Le terme de « Prozession » est également très proche sémantiquement de celui de « prozess » (processus), qui a de forts sous-entendus musicaux (et informatiques d’ailleurs).
Comme dans nombre de mes pièces, j’enclenche ici un processus, puis je laisse la musique grandir, et grandir encore. Parfois, j’ai besoin de l’arrêter et de recommencer. Mais ici, le processus se déploie d’un bout à l’autre de la pièce : la première partie dure deux minutes et demi, la dernière, pas loin de dix minutes. Quand la musique vit, elle porte toujours en elle une forme de croissance. Mon travail est d’entretenir le flux et de le couper quand nécessaire.

 


La microtonalité joue un rôle croissant dans votre musique — elle semble souvent être pour vous un moyen de jouer avec les mémoires ou souvenirs musicaux du public — : est-ce toujours le cas ici ?
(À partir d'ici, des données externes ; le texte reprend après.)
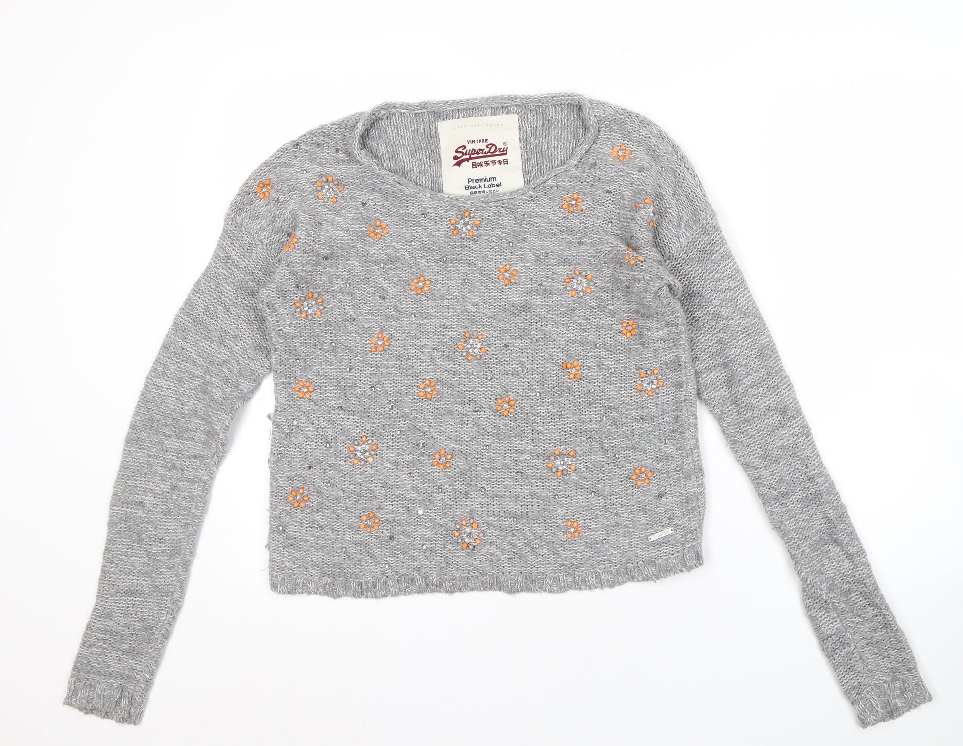 Superdry Women’s Grey Floral Knit Pullover Jumper, M

Oui, cette pièce est pleine de microtonalité. Au cœur du dispositif sont deux orgues Korg BX3, qui sont accordés en huitièmes de ton. Chaque section commence avec des lignes et des mélodies et s’achève avec des accords. La pièce se referme sur un champ apparemment infini d’accords microtonaux, dans lequel l’auditeur s’égare totalement. On n’aura jamais le sentiment d’une intonation juste ou fausse, rendant toute notion de mémoire musicale absolument inutile.

Quelle place cette pièce occupe-t-elle dans votre parcours ?
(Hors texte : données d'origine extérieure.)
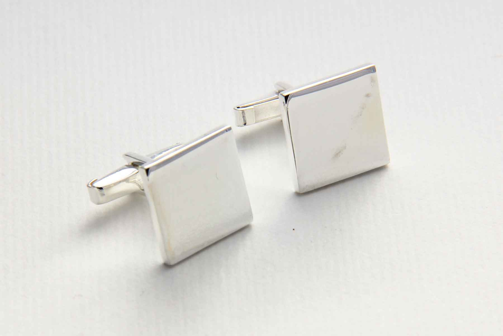 Masivni srebrni manšetni gumbi polirane površine.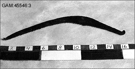 Skära av järn, glödpatinerad. Den triangulära tången, som har rektangulär profil, slutar i nedåtböjd spets. Eggen är sågtandad. Skärans yttersta cm är böjd i trubbig vinkel, i samma vinkel som tångens ända. Eggpartiet har i huvudsak triangulär profil,

C’est d’abord manifestement la plus longue pièce à processus unique que j’aie jamais composée. Pour mes autres pièces d’envergure, j’ai toujours eu besoin de davantage d’idées et de matériaux différents. Cette pièce n’est pas pour autant réductionniste, car elle met en œuvre une grande variété de gestes, de mélodies, d’harmonies et ainsi de suite. Mais tout semble participer d’un même esprit, ce qui est nouveau pour moi.